Bulutsuzluk Özlemi'nden ''Güneşimden Kaç'' adlı şarkıyı ayrıca öneririm..

...

Yine kemerleri bağlayalım derim.
Gezmelere devam çünkü..
Derry Ertekino Barselona  2 :)
(1.sini okudunuz besbelli  ? :) )

...


Barselona deyince kimimizin aklına spor kulubü gelir  bilirim.
İşte ben de  Ertekin Küçükandonyadis'i siz sevgili Derya'nın B Planı okurları için  Camp Nou'ya gönderdim.
Katalanlardan gerisinin Nou Camp dediği stadın adı Camp Nou .
Dışarıdan oldukça bakımsız ve küçük görünen stat,  Avrupa'nın en büyüğü. 1957 yılında yapılmış ve seyirci kapasitesi bugün 98.772 .
Ertekin'in dikkatini çekenlerden biri stadın içindeki küçük kilisecik.

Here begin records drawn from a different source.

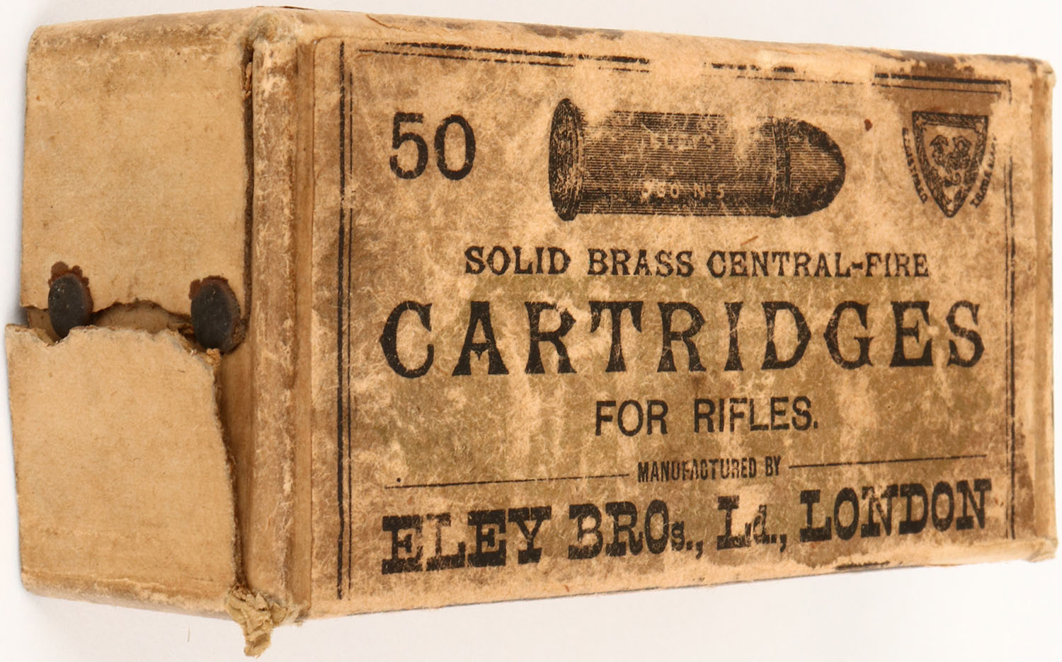 ELEY, .360 No 5, 134 Gr. Bullet, 2pc, Partial 48 Rds., buff box & label with black print, box is solid with rub marks, edge wear & corner wear, ammo is very good. (1552) Grade: Very Good ++ - Value: 20 to 100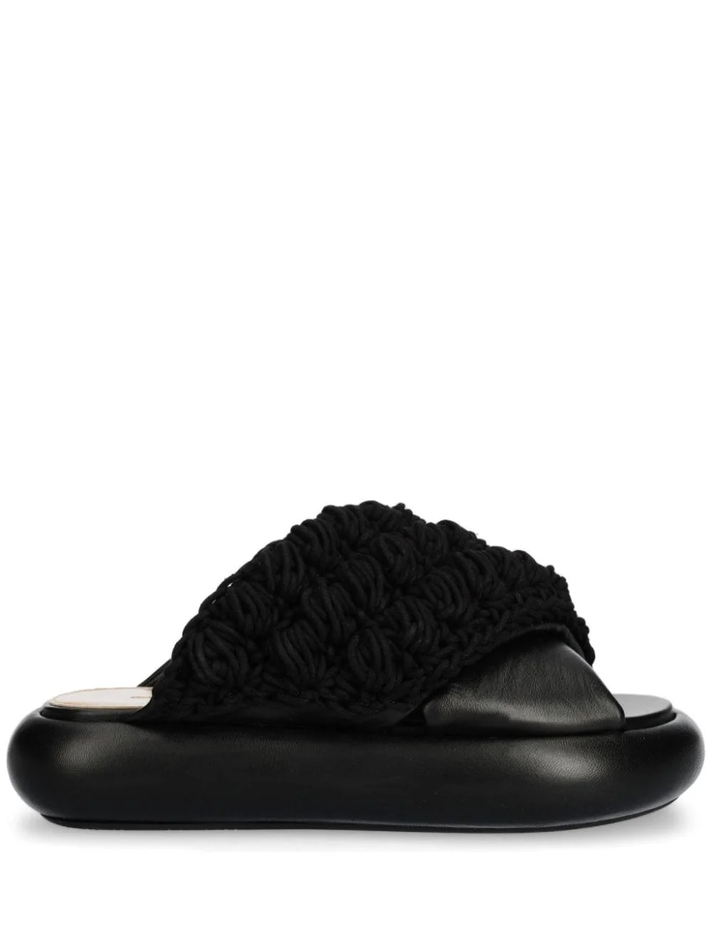 Crochet Twister slides Highlights - Black - Calf leather - Crochet panelling - Crossover strap detail - Open toe - Flatform sole Imported Composition Leather 100%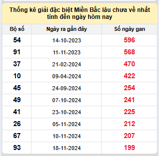 Bảng bạch thủ MB lâu chưa về đến ngày 10/6/2025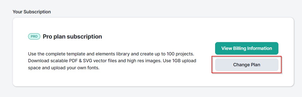 2. Scroll to the “Your Subscription” section and click “Change Plan”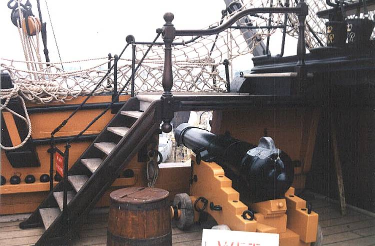 Wewnętrzna strona burty prawej na ćwierćpokładzie. Widoczne wejście na pokład rufowy tzw. poopdeck a pod nim - działo 12-funtowe.

Pek sevdim.
Başka ülkelerden Barselona'da oynayanlar da unutulmamış .. Ekranlardaki ülke bayraklarını tıklıyormuşsunuz, Barselona'da oynamış futbolcu varsa adı sanı dökülüyormuş :)
Stada girmek, bir iki de hatıra fotoğrafı çektireyim diyorsanız en fotomontajlısından, pamuk eller cebe..
Futboldan çok çok anlasam   Camp Nou'ya giriş kuyruğunda ben de yerimi alırdım.
Siz de onlardansanız, Stadı es geçmeyin derim.
Bizim Leftertekin bey pek mutluydu..




 
   (Ertekin'in ''Kıramadım '' diye yayınladığı fotosudur)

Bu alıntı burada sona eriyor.